With this Decision the aforementioned judgment of the General Court was annulled. Therefore, and given that the Commission's Decision of July 13th, 2011 remains in force, following the annulment of the General Court's judgment, in accordance with Article 266 TFEU and the case law, PPC should recover (once again) the illegal state aid with interest. For the purpose of this recovery, the Commission sent a letter to the Central State Aid Unit (LTC-IC) informing that the amount, plus statutory interest for the period from January 1st, 2015 until the date of payment, will be reimbursed by Alouminion of Greece to PPC and requested information on this matter.LTC-IC subsequently informed PPC, which also informed Alouminion of Greece and the parts (PPC and ALOUMINION) are in communication in order for the aid to be recovered. It is noted that ALOUMINION appealed against the above mentioned Decision of the Court (Case T-542/11 RENV ALOUMINION OF GREECE S.A., former ALOUMINION S.A. against European Commission, PUBLIC POWER CORPORATION S.A. (PPC) , intervener. In this Case the Court may examine the other grounds of ALOUMINION's appeal for the annulment of the decision of July 13th, 2011. ALOUMINION has applied in writing for an oral procedure to be conducted before the General Court.

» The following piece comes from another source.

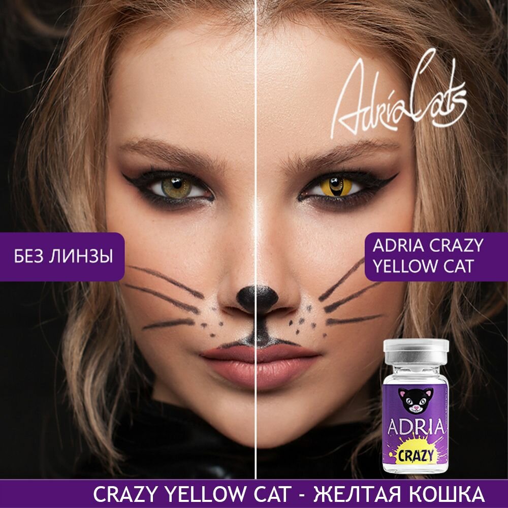 10 цен на Контактные линзы цветные ADRIA, Adria Crazy, Квартальные, YELLOW CAT, -0,00 / 14 / 8,6 / 1 шт.

The Court has adjudicated this case (for oral proceedings) on July 13th.
Subsequently, ALOUMINION in its letter, requested from PPC not to proceed with the aid recovery until the issuance of the General Court's Decision in the aforementioned Case T-542/11 RENV. PPC sent ALOUMINION's letter to the Central State Aid Unit (LTC-IC) which sent it further to the Commission. Commission, by its letter dated 17.02.2017, replied to the ALOUMINION's request, reiterating the obligation of the Greek Authorities to execute the decision immediately and effectively. It also notes that the amount of aid and its interest can be deposited in a blocked account, in order to cease the payment of interest on the amount of illegal aid. Moreover, the Commission by its letter, asks from the Greek Authorities information concerning the recently signed "Electricity Supply Agreement between PPC S.A. and ALOUMINION OF GREECE S.A.", in order to determine whether it could be considered that the content of the abovementioned agreement covers the obligation to reimburse the illegal aid and compounding interest. Additionally, the Commission requested and the updated calculation of the recovery amount of the illegal aid and its interest. PPC replied to the above mentioned letter, with a letter to the Central State Aid Unit (LTC-IC) on 10.03.2017, and expressed the opinion that in this case, the deposit by the ALOUMINION of the aid amount in a blocked account should not be considered as an immediate and effective fulfillment of the obligation of the above mentioned Decision's execution in accordance with the State Aid rules. Consequently, for the fulfillment of this obligation, the full amount (plus interest) must be reimbursed to PPC. The views of PPC, following the relevant attachments and information which the Commission had requested, were sent to the Greek Permanent Representation of the Hellenic Republic by the LTC-IC on 22.03.2017.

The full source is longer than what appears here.